═══ RECORDS FOR THIS TASK

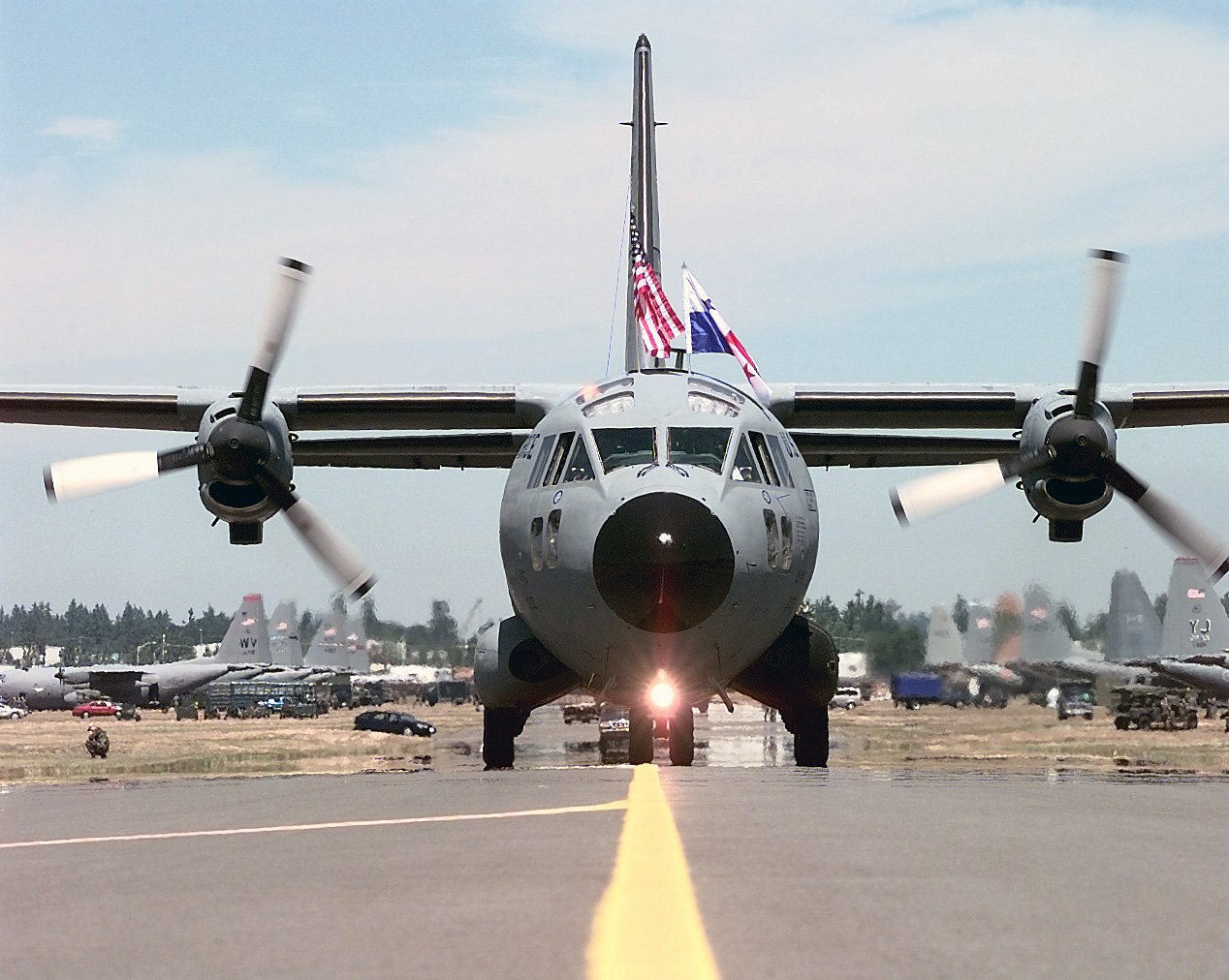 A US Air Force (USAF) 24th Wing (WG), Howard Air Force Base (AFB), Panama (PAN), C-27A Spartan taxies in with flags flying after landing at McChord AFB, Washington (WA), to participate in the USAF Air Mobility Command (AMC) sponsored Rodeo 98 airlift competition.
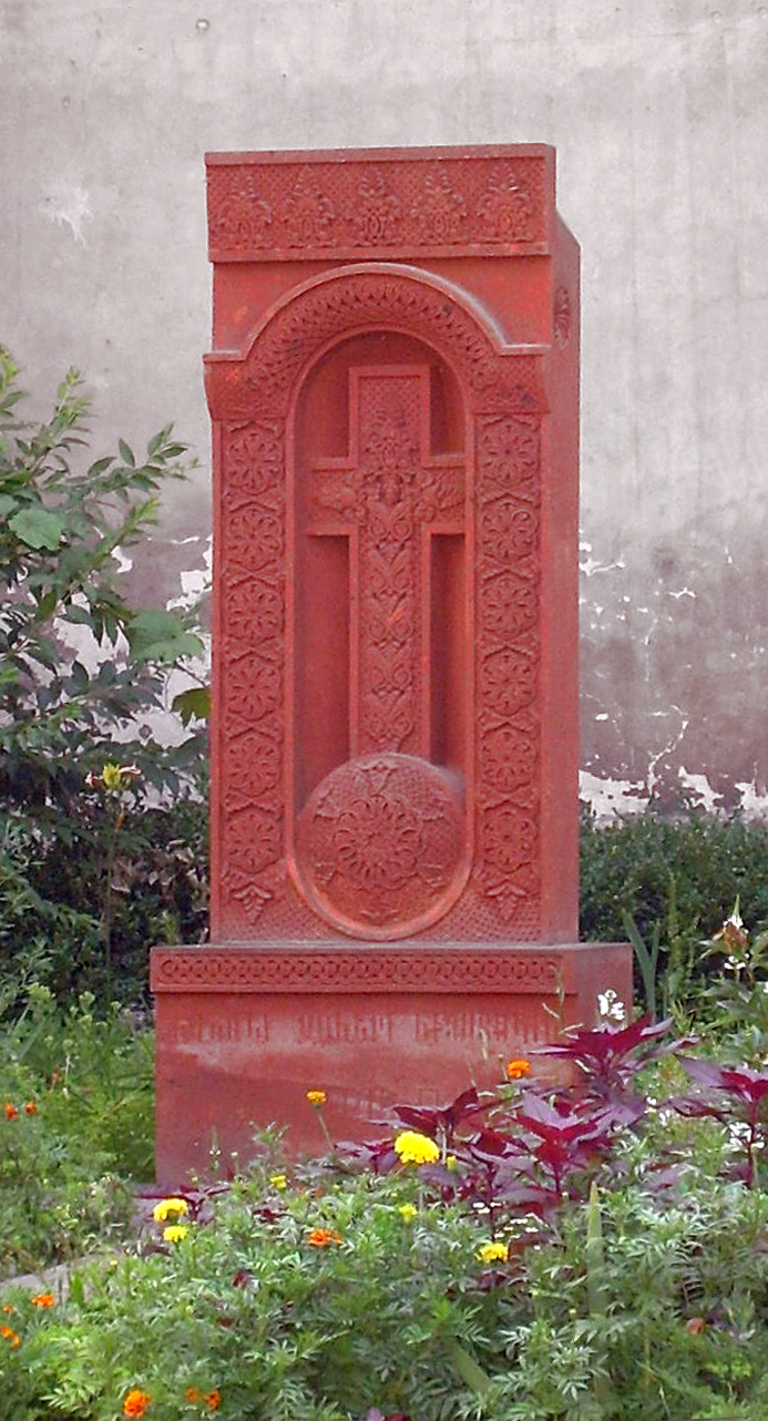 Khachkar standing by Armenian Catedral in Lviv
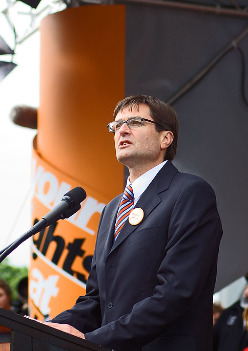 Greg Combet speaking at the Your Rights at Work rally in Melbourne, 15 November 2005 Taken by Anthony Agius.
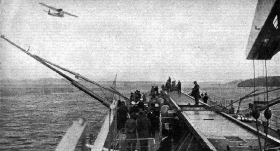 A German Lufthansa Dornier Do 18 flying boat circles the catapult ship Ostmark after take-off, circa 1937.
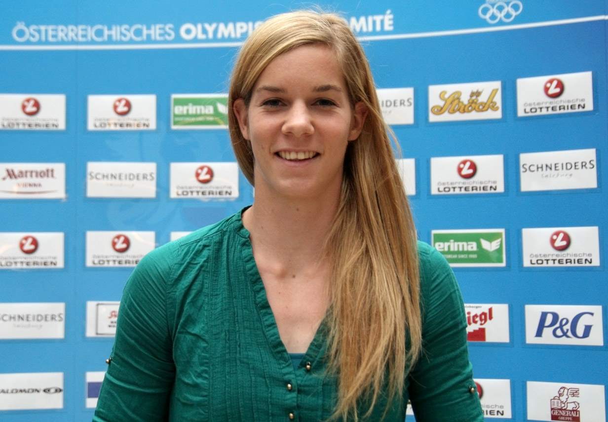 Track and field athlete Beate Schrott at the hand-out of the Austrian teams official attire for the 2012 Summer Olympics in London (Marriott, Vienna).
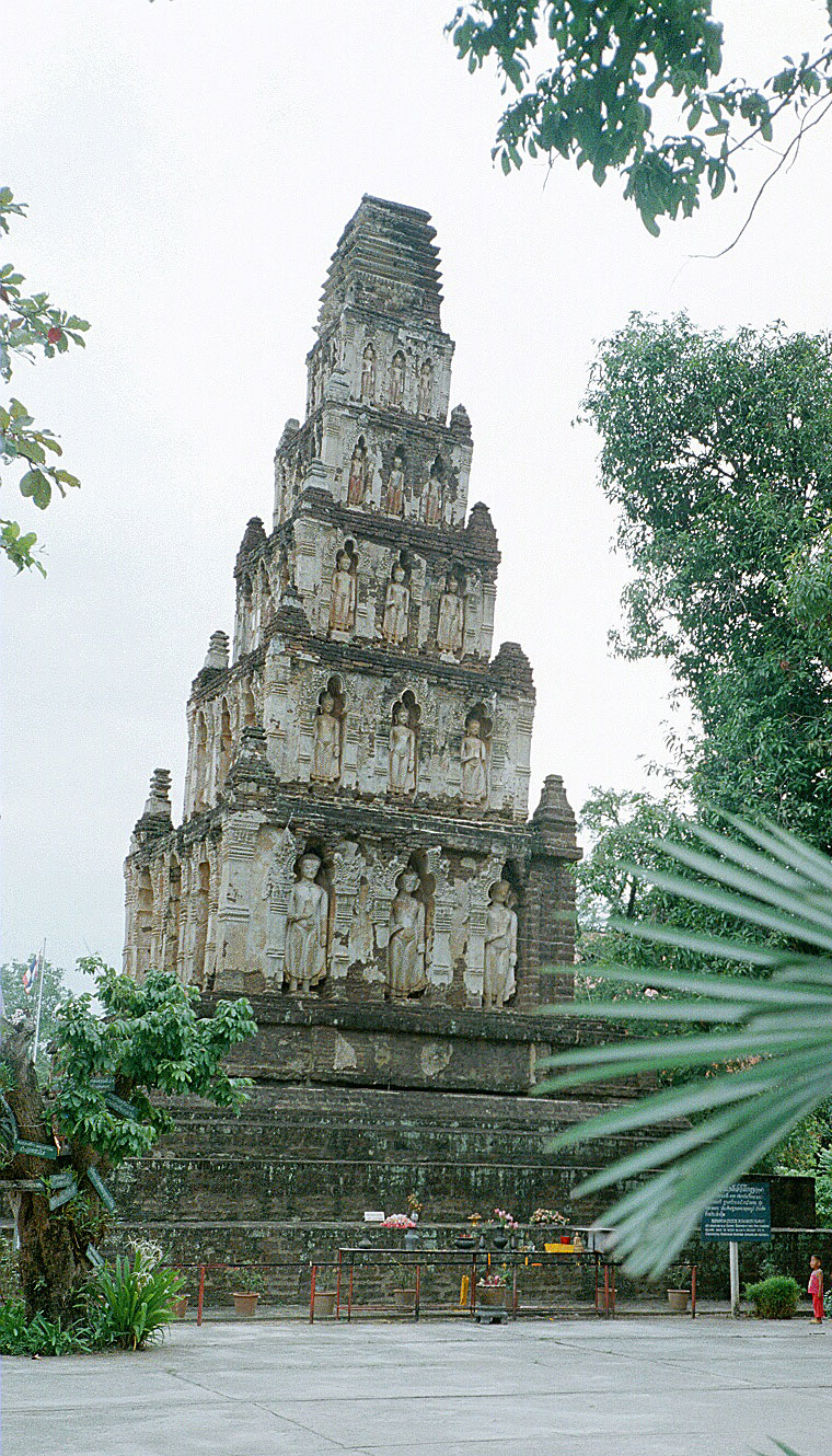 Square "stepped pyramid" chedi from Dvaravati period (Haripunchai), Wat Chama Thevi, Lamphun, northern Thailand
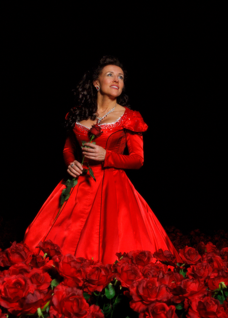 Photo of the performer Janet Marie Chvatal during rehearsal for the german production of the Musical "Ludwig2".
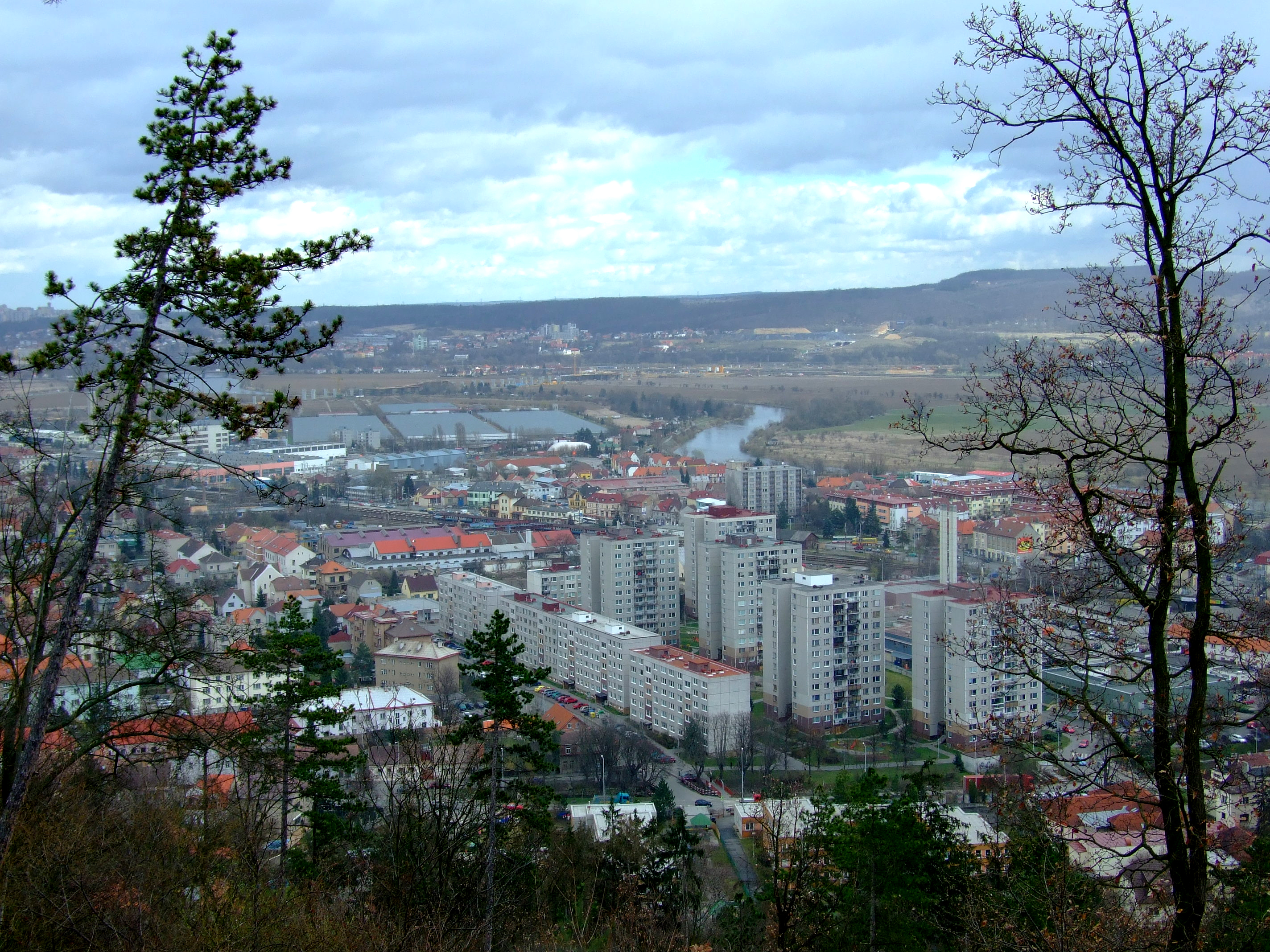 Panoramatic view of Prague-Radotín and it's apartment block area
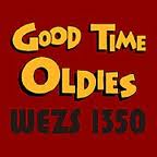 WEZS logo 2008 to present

══════

Transcribe the records above exactly, leaving every picture out of the copy.

 A US Air Force (USAF) 24th Wing (WG), Howard Air Force Base (AFB), Panama (PAN), C-27A Spartan taxies in with flags flying after landing at McChord AFB, Washington (WA), to participate in the USAF Air Mobility Command (AMC) sponsored Rodeo 98 airlift competition.
 Khachkar standing by Armenian Catedral in Lviv
 Greg Combet speaking at the Your Rights at Work rally in Melbourne, 15 November 2005 Taken by Anthony Agius.
 A German Lufthansa Dornier Do 18 flying boat circles the catapult ship Ostmark after take-off, circa 1937.
 Track and field athlete Beate Schrott at the hand-out of the Austrian teams official attire for the 2012 Summer Olympics in London (Marriott, Vienna).
 Square "stepped pyramid" chedi from Dvaravati period (Haripunchai), Wat Chama Thevi, Lamphun, northern Thailand
 Photo of the performer Janet Marie Chvatal during rehearsal for the german production of the Musical "Ludwig2".
 Panoramatic view of Prague-Radotín and it's apartment block area
 WEZS logo 2008 to present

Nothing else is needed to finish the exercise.